Here is a bit faster version on my P4 3.6 GHz
with WinXP Pro SP2


lstrcmp  Tests:

lstrcmp - Lingo     : 875 clocks; Return value: -1
lstrcmp - Lingo Old : 942 clocks; Return value: -1

Press ENTER to exit...


Regards,
Lingo


[attachment deleted by admin]

hutch--

Lingo,

Results are even more impressive on my current PIV.


Please terminate any high-priority tasks and press ENTER to begin.


lstrcmp  Tests:

lstrcmp - Lingo     : 665 clocks; Return value: -1
lstrcmp - Lingo Old : 900 clocks; Return value: -1

Press ENTER to exit...


LATER : Here are the results from 2.4 AMD Sempron.

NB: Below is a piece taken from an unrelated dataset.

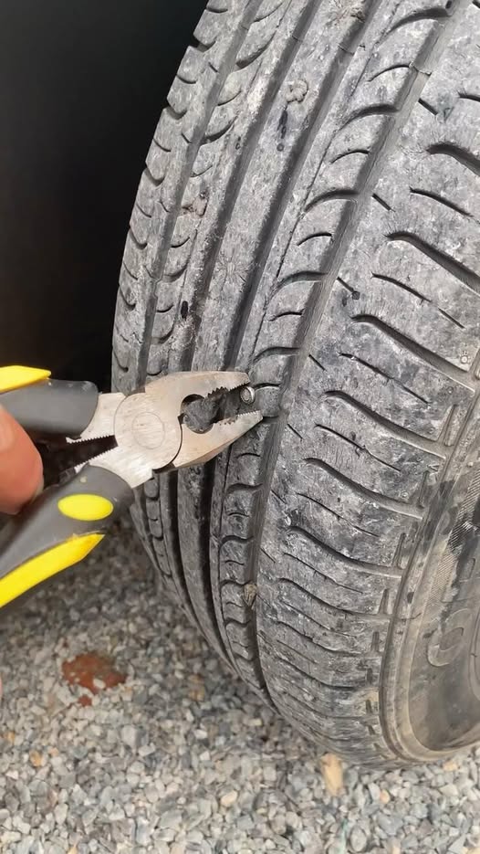 The oddest part? The nail wasn’t straight. It wasn’t lodged in the tire at an angle like you’d expect from driving over it. No, it was wedged—like it had been deliberately forced in at a specific angle. The nail wasn’t just casually caught; it looked like it had been intentionally driven into the tire in such a way that it didn’t immediately cause a blowout.
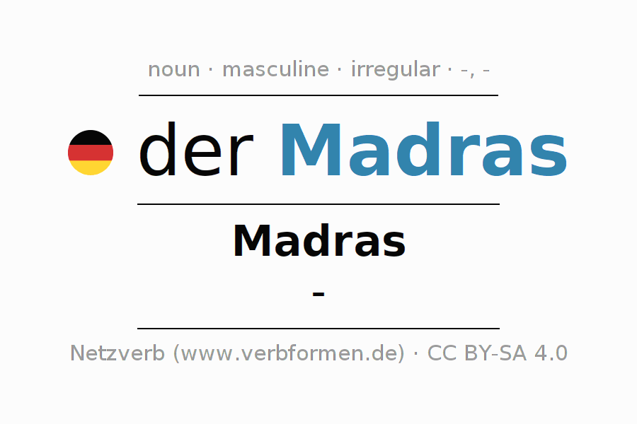 The declension of Madras as a table with all forms in singular (singular) and plural (plural) and in all four cases nominative (1st case), genitive (2nd case), dative (3rd case) and accusative (4th case). Especially for German learners the correct declension of the word Madras is crucial.

Please terminate any high-priority tasks and press ENTER to begin.


lstrcmp  Tests:

lstrcmp - Lingo     : 704 clocks; Return value: -1
lstrcmp - Lingo Old : 679 clocks; Return value: -1

Press ENTER to exit...


Even though the AMD reverses trhe results, the difference between the two algos is a lot smaller on the AMD than on a PIV so the new algo has better averages.
Download site for MASM32      New MASM Forum
https://masm32.com          https://masm32.com/board/index.php

GregL

PIII 1 GHz

lstrcmp  Tests:

lstrcmp - Lingo     : 704 clocks; Return value: -1
lstrcmp - Lingo Old : 695 clocks; Return value: -1

Press ENTER to exit...



Mark Jones

AMD XP 2500+


lstrcmp  Tests:

lstrcmp - Lingo     : 716 clocks; Return value: -1
lstrcmp - Lingo Old : 690 clocks; Return value: -1

Press ENTER to exit...


No such thing as a free lunch. :)
"To deny our impulses... foolish; to revel in them, chaos." MCJ 2003.08

lingo

#13
Thank you Hutch,Greg and Mark Jones  :U

Here is new version with additional functionality according r22's advice:

"Just a suggestion, make it a straight boolean compare true or false, because the 1 and -1 returns are somewhate useless (knowing that a string is bigger or smaller without knowing by what value has little to no uses)." by r22,

From SDK:
"If the string pointed to by lpString1 is less than the string pointed to by lpString2, the return value is negative. If the string pointed to by lpString1 is greater than the string pointed to by lpString2, the return value is positive. If the strings are equal, the return value is zero.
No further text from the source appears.